The Taiwan Expedition: New Perspectives on Japanese Imperialism and the Meiji Restoration

Robert Eskildsen, Senior Associate Professor, Department of History, International Christian University, Tokyo

Co-sponsored by East Asian Studies and History

In the spring of 1874 the Japanese government sent an expedition to southern Taiwan ostensibly to punish indigenous villagers who had murdered dozens of people from Ryūkyū. Contemporary records show that the Japanese government also attempted to colonize eastern Taiwan and it justified its actions using the argument that a state must spread civilization and political authority to territories where it claimed sovereignty. The expedition took place in the context of the unequal treaty system in East Asia and during the contentious early years the Meiji period, and it shows how Japan’s new foreign policy stance in the 1870s combined elements taken from Western imperialism with revolutionary changes in Japan after the Meiji Restoration (1868). The new foreign policy stance spread the effects of the Restoration beyond Japan and accelerated the disruption of dynastic power in East Asia.

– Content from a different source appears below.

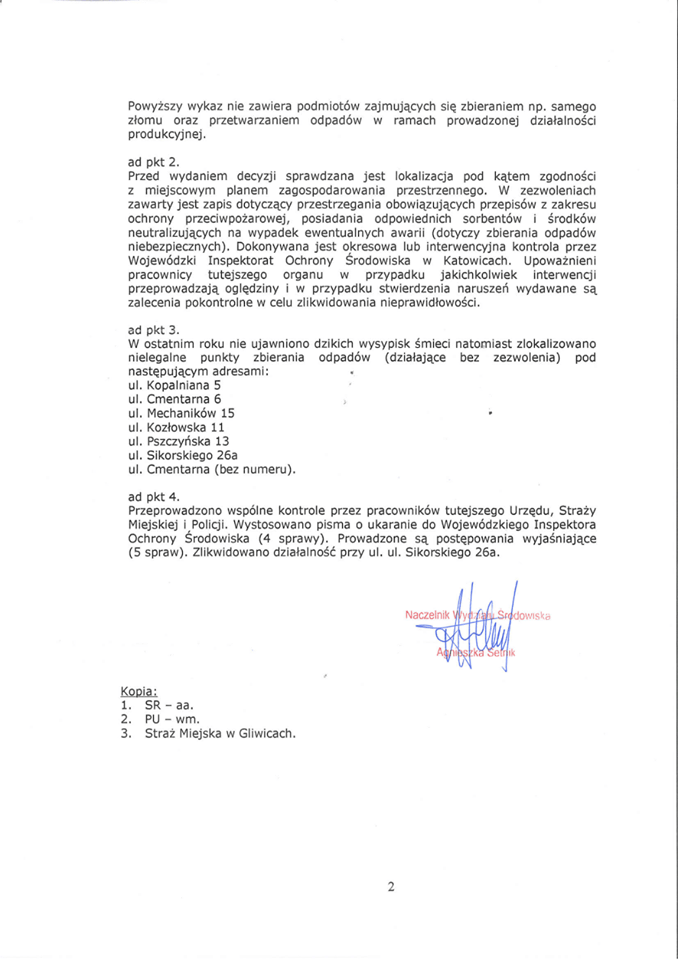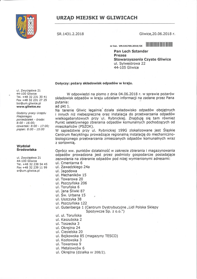 Pytał m.in. o to, ile jest legalnie działających na terenie Gliwic składowisk i magazynów odpadów oraz surowców wtórnych. Interesowały go także nielegalne składowiska ujawnione w ostatnim czasie oraz działania, jakie podjęto celem ich likwidacji i ukarania winnych ich założenia.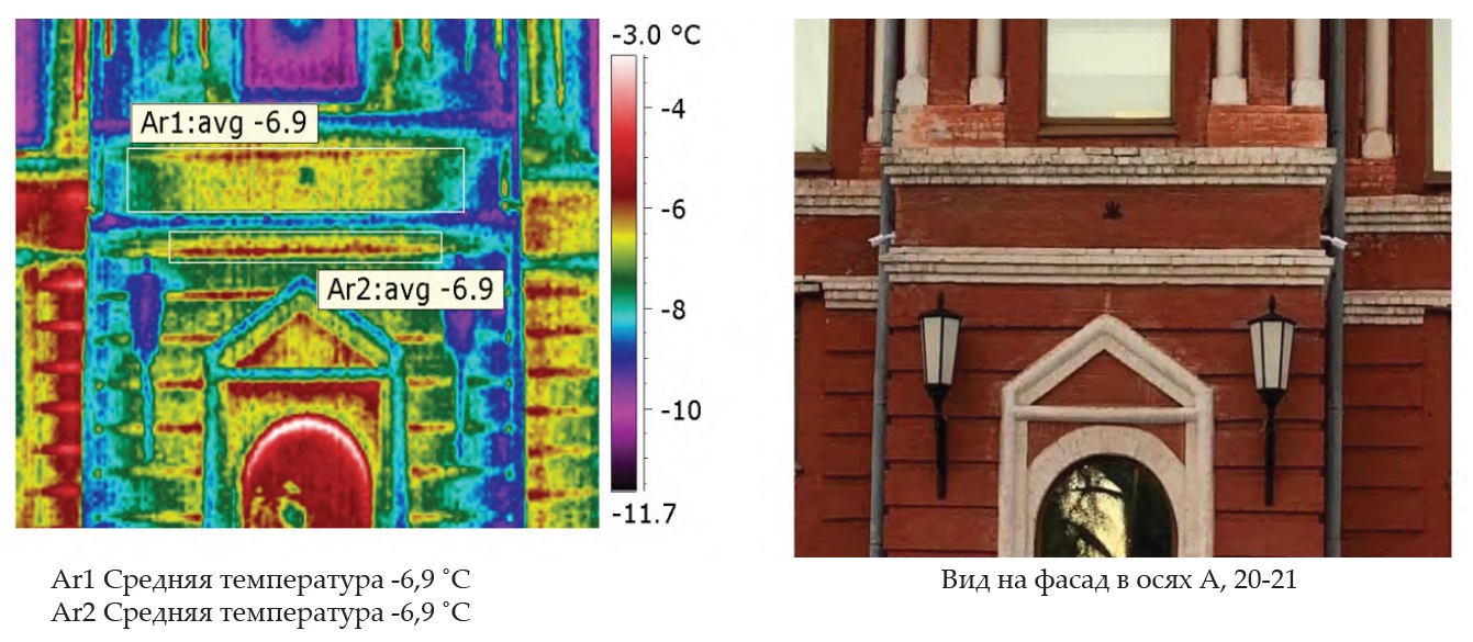 Перед выполнением проектных работ было произведено тепловизионное обследование ограждающих конструкций эксплуатируемого здания с целью определения фактических значений сопротивления теплопередаче. Тепловизионное обследование проводилось в декабре 2020 г. с помощью тепловизионной камеры THERMA CAM В2 при температуре наружного воздуха tн = -10 °С. При проведении обследования руководствовались методикой, изложенной в ГОСТ Р.54852-2011, ГОСТ 31937-2011, и работой [10].

Robert Eskildsen is a Senior Associate Professor in the Department of History at International Christian University, Tokyo. He received a PhD in modern Japanese history from Stanford University in 1998. He has published articles on the topic in the American Historical Review and The Journal of Asian Studies, and his book Transforming Empire in Japan and East Asia: The Taiwan Expedition and the Birth of Japanese Imperialism was published by Palgrave Macmillan in 2019.